I had two more things that I really liked. I loved Ask Metafilter this month. Josh, did you have any, since we've just been talking about [??]?

cortex: No, no, I, as often is the case, I mostly only see Ask Metafilter through the stuff I have to moderate there--

jessamyn: Alright. Alright!

cortex: Which rarely makes for a good con--it's like, 'Hey, I remember this thread, where people were really unhappy about this uncomfortable situation.'

mathowie and jessamyn: (laugh)

cortex: 'Let's talk about that! That was great!' Yeah.

jessamyn: (laughs)

mathowie: What!

cortex: So no, please proceed.

jessamyn: Well, this is a thread by R.F.Simpson, who's a newish user, and it's basically, 'I've got a friend, they want to read something, he's a 40-year-old black man who grew up in the streets of South Central and has never read a book in his life.'

mathowie: Wow.

jessamyn: 'What do you recommend?'

mathowie: Wow, what do you start with?

jessamyn: And, you know, people go a lot of different directions with it. But it was just interesting for me to see what people suggested, what people thought people would like,

et cetera et cetera et cetera. It turns into a really interesting thread, I thought.

mathowie: I guess I would think back to the first time I ever read a book for pleasure, but not really, or any book I'd liked, but that'd be like maybe high school, ninth grade, or eighth grade, like when I sort of was given a full adult book, you know, to read.

jessamyn: And you could choose, yeah.

mathowie: Or I actually liked it and it didn't feel forced on me, which all of Shakespeare and most classics felt like.

jessamyn: Right, right, right.

mathowie: Like, I don't know, maybe Grapes of Wrath might have been the first thing I might have enjoyed slightly? Huh. I don't even know what you tell a 40-year-old to start with books. (chuckles)

jessamyn: Well, you send them to the library, is what you tell them, most of the time.

mathowie: That's like a 65-year-old person going, 'You know, I've never heard this rock-and-roll the kids are talking about. Give me one album.' And that'd be pretty difficult.

cortex: (chuckles) 'I hear a lot of people are enjoying this Fifty Shades of Gray, I mean, you know, it's...'

jessamyn: (laughs)

cortex: 'It's a real page-turner!' (chuckles)

mathowie: 'Listen, I've heard a lot about talkies. Can you suggest one movie about comedy that I might enjoy?' This is hard! It's all over the map.

jessamyn: Yeah! Well, it was interesting. It was interesting.

mathowie: I think you want to have that Princess Bride moment, right, where in the movie the kid doesn't want to hear a stupid book about a bunch of stupid things, and the grandpa says, 'Well, there's going to be adventure!'

jessamyn: Right. 'Maybe you can read a little bit more...'

mathowie: (laughs)

jessamyn: Yeah.

mathowie: That's what you want, the thing that sparks the, ohhh!

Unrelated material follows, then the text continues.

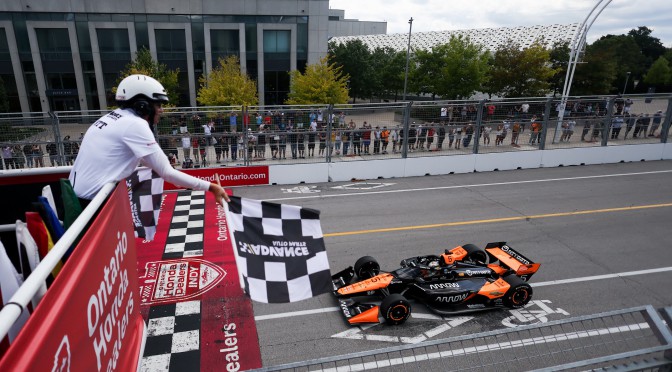 Pato O’Ward vince la sua seconda gara dell’IndyCar Series 2025 a Toronto. Il messicano di Arrow McLaren trionfa sotto gli occhi del patron Zak Brown al termine di una gara dura, spezzettata da cinque Caution, riducendo il gap in classifica nei confronti di Alex Palou, solamente 12mo.
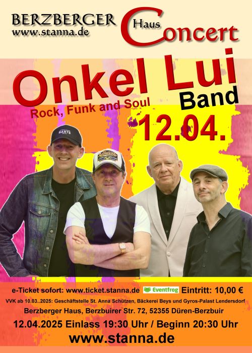 10 Jahre Hauskonzert im Berzberger Haus. und in diesem Jahr stellen wir Euch die famose Onkel Lui Band vor. Das Konzert findet am 12.04 2025 statt.

Because I liked the Into Thin Air by Krakauer, which is totally out of left field, but is also

like, I couldn't put that down, you know, because--

jessamyn: Right, right!

mathowie: Every page you think you're going to die, so.

jessamyn: Right, because, well, you know how the book winds up. (chuckles)

mathowie: Yeah. (chuckles) There will be death.

jessamyn: For the most part. Very few people pick that book up not knowing that McCandless dies, so it's just figuring out how to get to it that...

mathowie: Yeah. Wow. I never heard of...

jessamyn: Oh, which reminds me! Well, wait a sec. The one other... did you have more, Matt? I had two more, I think.

mathowie: I only have one more, and it was pretty flaky. (chuckles)

cortex: (chuckles)

jessamyn: Because I enjoyed d. z. wang's "Make my home a factory for living", classic nerd, you know... "Assuming I don't care about hominess or aesthetics, what does industry have to teach me about--"

mathowie: (chuckles)

jessamyn: "--getting through all the little maintenance work of life with less time, effort, and attention?"

mathowie: Huh. And this is all focused on food and hygiene, but I'm thinking like vinyl and tile...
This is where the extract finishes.